Return to site

Underspecification in Machine Learning

Thoughts from the trenches.

Note: this blog post is an expanded version of my recent Twitter thread.

 

A paper was posted to arXiv this November that gives name to a phenomenon that I've had plenty of experience with, but never had a word for. From the abstract: "An ML pipeline is underspecified when it can return many predictors with equivalently strong held-out performance in the training domain. Underspecification is common in modern ML pipelines, such as those based on deep learning. Predictors returned by underspecified pipelines are often treated as equivalent based on their training domain performance, but we show here that such predictors can behave very differently in deployment domains. This ambiguity can lead to instability and poor model behavior in practice, and is a distinct failure mode from previously identified issues arising from structural mismatch between training and deployment domains."

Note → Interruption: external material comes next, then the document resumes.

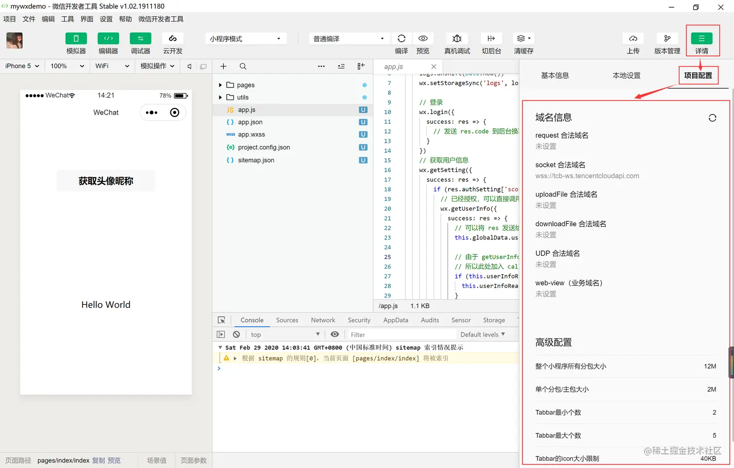 可以在项目配置中查询到域名信息以及高级配置信息。如下图所示:

The last time I ran into underspecification was while working on the Semantic Scholar search engine (a feature-based LightGBM LambdaMART model, trained on user search/result/click data). It occurred in two different ways.

 

First, I observed that some perfectly sensible features that were key to good held-out NDCG ranking performance would also be responsible for poor qualitative performance. The solutions were:

  • restrict the model to learn monotone constraints, which were chosen to match human intuition about how the score for a (query, result) should change if a single feature was increased or decreased, and
  • pare down and refine the feature space to give the model fewer ways to go wonky.

The second way I observed underspecification was that multiple different hyperparameter sets with equivalent held-out NDCG behaved in unpredictably different ways when actually deployed. Many were bad. The solution was to carefully construct a custom validation test suite that assessed models for correct behavior instead of NDCG. What is "correct behavior"? It's what my collaborators and I believe that users of a scholarly academic search engine expect it to do when they issue a search, and was constructed by hand. It looked more like a giant unit test, except it wasn't pass/fail but had a 0-to-1 score over which one could argmax. As a simplified example, if a user searched for "Daphne Koller 2014 ICML", the top resulting papers should be by Daphne Koller and published in ICML in 2014.

On reflection, this solution made for a bizarre situation from the perspective of accepted machine learning practices. The training data was ordinary: queries, results, clicks from real users. But the validation set was non-IID on purpose: real queries, constructed results, idealized clicks. This only makes sense if you recall that our in-domain training data was genuinely not like the test data. The solution worked: choosing the hyperparameters that gave the best performance on this set of model-behavior unit tests yielded better behaving models consistently.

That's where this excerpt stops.